Most horseweed emerges in the fall. Emergence declines or ceases in the winter but additional emergence can occur in April and May. For this reason, we suggest a residual herbicide (typically Valor) as part of the burndown to control later-emerging horseweed. Valor also gives some residual control of other weeds, Palmer amaranth in particular, going into the growing season.
Wild Radish. This species (picture 12) is often not adequately controlled by glyphosate alone, especially if it attains much size. 2,4-D is the preferred material to mix with glyphosate for radish control although glyphosate + dicamba should also be adequately effective.
Italian Ryegrass. Glyphosate has long been the preferred herbicide to burndown ryegrass (picture 2). However, we are beginning to see instances of glyphosate-resistant ryegrass, especially in the Piedmont. Where one expects resistance in ryegrass, the alternative approach is paraquat applied twice. One application of paraquat is usually not adequate whereas two applications, two or more weeks apart, typically work well. Diuron added with the first application may boost control.
Cover Crops. Glyphosate is the material of choice to kill wheat or rye cover crops. If clover or vetch is mixed with the wheat or rye, one needs to include dicamba or 2,4-D with the glyphosate. Vetch is adequately controlled by either 2,4-D or dicamba whereas dicamba is the better material on clover.
One of the goals of a cover crop, in addition to erosion protection, is suppression of summer weeds and moisture conservation.
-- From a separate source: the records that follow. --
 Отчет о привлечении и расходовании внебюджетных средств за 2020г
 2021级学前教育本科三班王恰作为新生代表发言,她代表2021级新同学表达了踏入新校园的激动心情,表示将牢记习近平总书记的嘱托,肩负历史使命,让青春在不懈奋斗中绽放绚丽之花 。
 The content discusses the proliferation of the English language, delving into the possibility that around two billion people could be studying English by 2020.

Greater weed suppression and moisture conservation will be obtained with greater biomass produced by the cover crops. Hence, growers may want to allow the cover crop to grow later into the spring to produce more biomass. Even so, it is still a good idea to kill the cover crop a couple weeks ahead of planting to avoid excessive moisture depletion by the cover crop. A good stand of cover crop usually suppresses winter weeds well. However, if the wheat or rye cover crop is thin and winter broadleaf weeds are present, especially horseweed, one can apply 2,4-D or dicamba in March and allow the cover crop to continue to grow before terminating it later with glyphosate.
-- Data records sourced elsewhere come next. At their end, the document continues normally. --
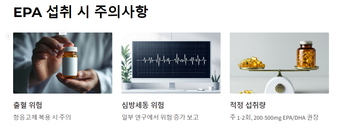 EPA는 혈소판 응집을 억제하여 출혈 위험을 증가시킬 수 있습니다. 따라서 항응고제나 항혈소판제를 복용 중인 환자는 의료진과의 상담을 통해 적절한 섭취량을 조정해야 합니다.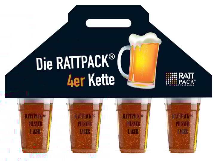 NEU: Die RATTPACK® 4er Kette: Der RATTPACK® Becherträger ist ideal, um mehrere Getränke gleichzeitig zu tragen – perfekt für Festivals und Fußballabende.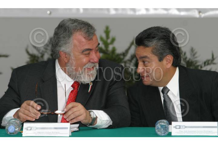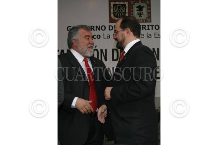 MEXICO, D.F. 20OCTUBRE2006.- Alejandro Encinas Rodriguez, jefe de gobierno del D.F. conversa con José Guadalupe Carrera Dominguíguez, presidente del Tribunal Superior de Justicia del D.F. durante la instalación del Consejo para Prevenir y Erradicar la Discriminación en el D.F. FOTO: NELLY SALAS/CUARTOSCURO.COM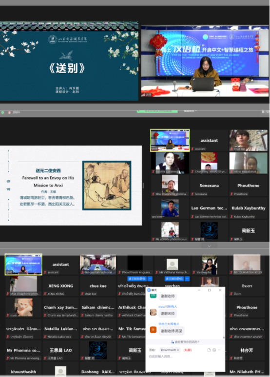 It is reported that the “Chinese Bridge” online group project is the first online short-term project organized by Shandong Business Institute. In order to enhance students’ sense of participation and experience, teachers carefully prepared and set up video courses including “Magical Artificial Intelligence”, “Interesting Virtual Reality”, as well as “Appreciation and Reading of Classic Poetry”, “History of Chinese Computing”, “Introduction to Shandong Cuisine Culture”, etc.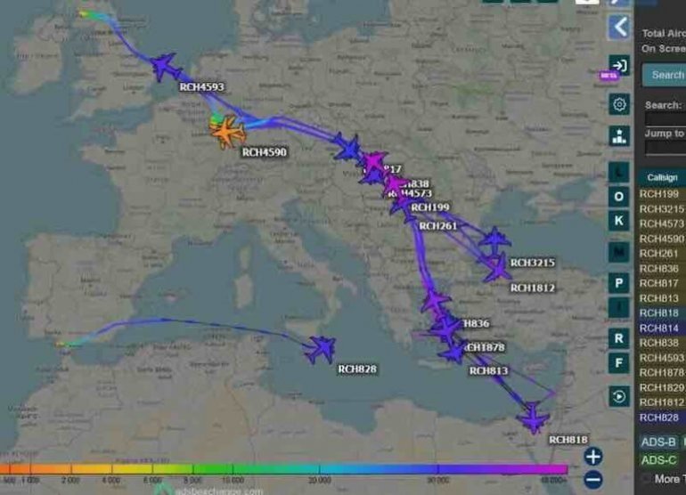 Истовремено, подаци са система за праћење ваздушног саобраћаја показују појачан промет војних транспортних авиона. Летови са позивним ознакама РЦХ у великом броју прелазе преко јужне Европе, Балкана и Турске ка базама у Персијском заливу. Неки од њих, према доступним подацима, усмерени су ка Саудијској Арабији. Интензитет и обим ових премештања указују на логистичку операцију која превазилази уобичајене ротације снага.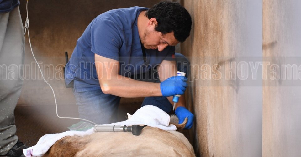 Brindan atención médica urgente para “Chimi”, la leona blanca del Tamatán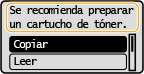 Este mensaje le informa de que muy pronto deberá sustituir un cartucho de tóner. Asegúrese de contar con un cartucho de tóner de sustitución. Sustituya el cartucho de tóner si visualiza este mensaje antes de comenzar a imprimir un trabajo grande.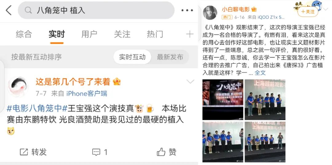 这其中,在电影中频密出现的植入式广告,如东鹏特饮、光良、成都航空等,成为了《八角笼中》被提及最多的商业化看点。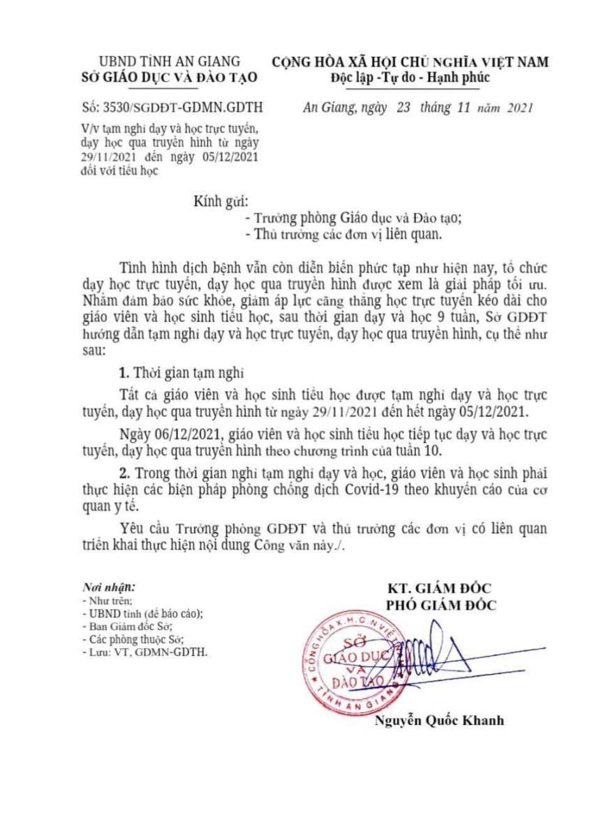 Sở Giáo dục và Đào tạo An Giang vừa có công văn về việc tạm nghỉ dạy và học trực tuyến, dạy học qua truyền hình từ ngày 29/11 đến ngày 5/12/2021 với bậc tiểu học.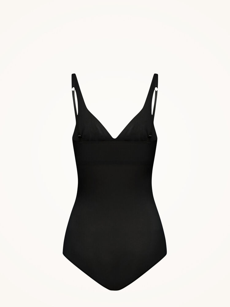 The stylish silicon lines featured on the double-layered molded bust section and straps provide optimal support – no need for a bra. Thanks to the discreet, new version of the Cotton Contour material, the stomach, waist, hips and bottom are shaped perfectly. The flocked selvages and bonded side seams accentuate the minimalist and light feel of this piece.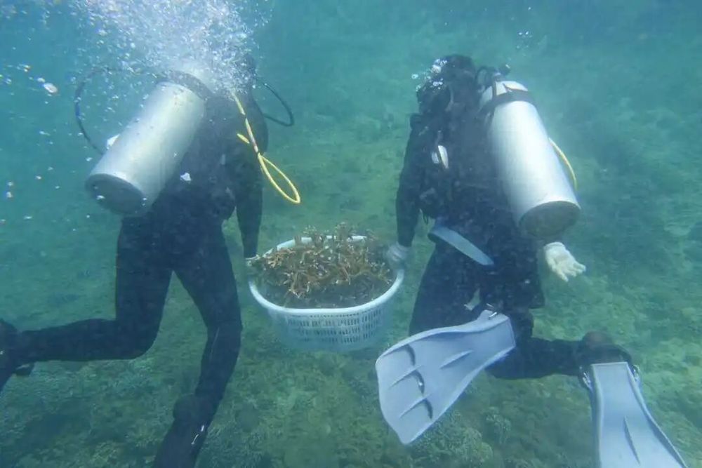 背着氧气瓶潜入海底,并且是历史上记录中最严重的一次事件。修复前的珊瑚退化区域。这是减缓珊瑚礁与海洋危机的根本策略。

Waiting periods. There is no waiting period between application of Aim or ET and cotton planting. Labels for thifensulfuron + tribenuron products (FirstShot, Harmony Extra, others) specify a 14-day interval between application and cotton planting. Labels for dicamba-containing products (Clarity, others) specify accumulation of 1 inch of rainfall followed by a 21-day waiting interval. Rimsulfuron + thifensulfuron (Leadoff, others) requires a 30-day waiting period. Labels for products containing 2,4-D specify a 30-day interval between application and cotton planting although growers have learned that the intervals can easily be shortened to 14 days if soil moisture is good.